Only the lines below, from the one with "José Cuervo Tequila" through the one with "5.7L V8 VVT", are to be written out, exactly.

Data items
────────────────────
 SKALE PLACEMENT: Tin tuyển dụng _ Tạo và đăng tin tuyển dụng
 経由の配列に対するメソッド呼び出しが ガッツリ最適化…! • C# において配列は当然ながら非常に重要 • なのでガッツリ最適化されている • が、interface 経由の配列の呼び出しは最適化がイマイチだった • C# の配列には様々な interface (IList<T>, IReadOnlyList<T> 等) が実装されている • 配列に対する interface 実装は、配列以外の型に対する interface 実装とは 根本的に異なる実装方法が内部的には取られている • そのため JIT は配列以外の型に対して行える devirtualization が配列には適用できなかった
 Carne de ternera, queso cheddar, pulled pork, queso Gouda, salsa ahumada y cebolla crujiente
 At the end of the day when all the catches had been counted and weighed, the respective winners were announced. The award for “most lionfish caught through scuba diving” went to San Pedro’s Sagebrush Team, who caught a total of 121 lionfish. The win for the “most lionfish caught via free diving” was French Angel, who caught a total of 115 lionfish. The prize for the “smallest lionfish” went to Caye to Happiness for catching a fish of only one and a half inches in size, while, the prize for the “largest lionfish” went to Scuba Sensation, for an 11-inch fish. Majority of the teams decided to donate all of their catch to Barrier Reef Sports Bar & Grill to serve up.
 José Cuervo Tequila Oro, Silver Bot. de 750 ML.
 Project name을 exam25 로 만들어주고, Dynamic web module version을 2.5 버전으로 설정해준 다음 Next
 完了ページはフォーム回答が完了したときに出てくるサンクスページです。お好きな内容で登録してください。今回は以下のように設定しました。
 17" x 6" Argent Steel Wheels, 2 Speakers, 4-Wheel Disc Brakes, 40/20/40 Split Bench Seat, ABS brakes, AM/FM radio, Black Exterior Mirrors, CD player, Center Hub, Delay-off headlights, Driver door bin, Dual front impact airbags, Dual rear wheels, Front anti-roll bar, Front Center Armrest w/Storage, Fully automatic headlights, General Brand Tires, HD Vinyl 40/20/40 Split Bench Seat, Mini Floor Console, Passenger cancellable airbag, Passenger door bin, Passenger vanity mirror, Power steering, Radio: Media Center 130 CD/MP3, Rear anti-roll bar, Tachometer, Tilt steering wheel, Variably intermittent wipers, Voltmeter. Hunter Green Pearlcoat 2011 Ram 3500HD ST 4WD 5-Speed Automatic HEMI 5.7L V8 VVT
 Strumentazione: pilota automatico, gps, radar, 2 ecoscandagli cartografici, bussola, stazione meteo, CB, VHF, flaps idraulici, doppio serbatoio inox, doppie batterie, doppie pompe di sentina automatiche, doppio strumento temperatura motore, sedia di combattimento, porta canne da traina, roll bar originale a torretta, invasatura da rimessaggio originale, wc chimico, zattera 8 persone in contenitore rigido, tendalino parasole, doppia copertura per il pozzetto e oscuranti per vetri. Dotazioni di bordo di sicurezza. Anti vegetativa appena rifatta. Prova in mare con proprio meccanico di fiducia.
────────────────────
* Expected output:
 José Cuervo Tequila Oro, Silver Bot. de 750 ML.
 Project name을 exam25 로 만들어주고, Dynamic web module version을 2.5 버전으로 설정해준 다음 Next
 完了ページはフォーム回答が完了したときに出てくるサンクスページです。お好きな内容で登録してください。今回は以下のように設定しました。
 17" x 6" Argent Steel Wheels, 2 Speakers, 4-Wheel Disc Brakes, 40/20/40 Split Bench Seat, ABS brakes, AM/FM radio, Black Exterior Mirrors, CD player, Center Hub, Delay-off headlights, Driver door bin, Dual front impact airbags, Dual rear wheels, Front anti-roll bar, Front Center Armrest w/Storage, Fully automatic headlights, General Brand Tires, HD Vinyl 40/20/40 Split Bench Seat, Mini Floor Console, Passenger cancellable airbag, Passenger door bin, Passenger vanity mirror, Power steering, Radio: Media Center 130 CD/MP3, Rear anti-roll bar, Tachometer, Tilt steering wheel, Variably intermittent wipers, Voltmeter. Hunter Green Pearlcoat 2011 Ram 3500HD ST 4WD 5-Speed Automatic HEMI 5.7L V8 VVT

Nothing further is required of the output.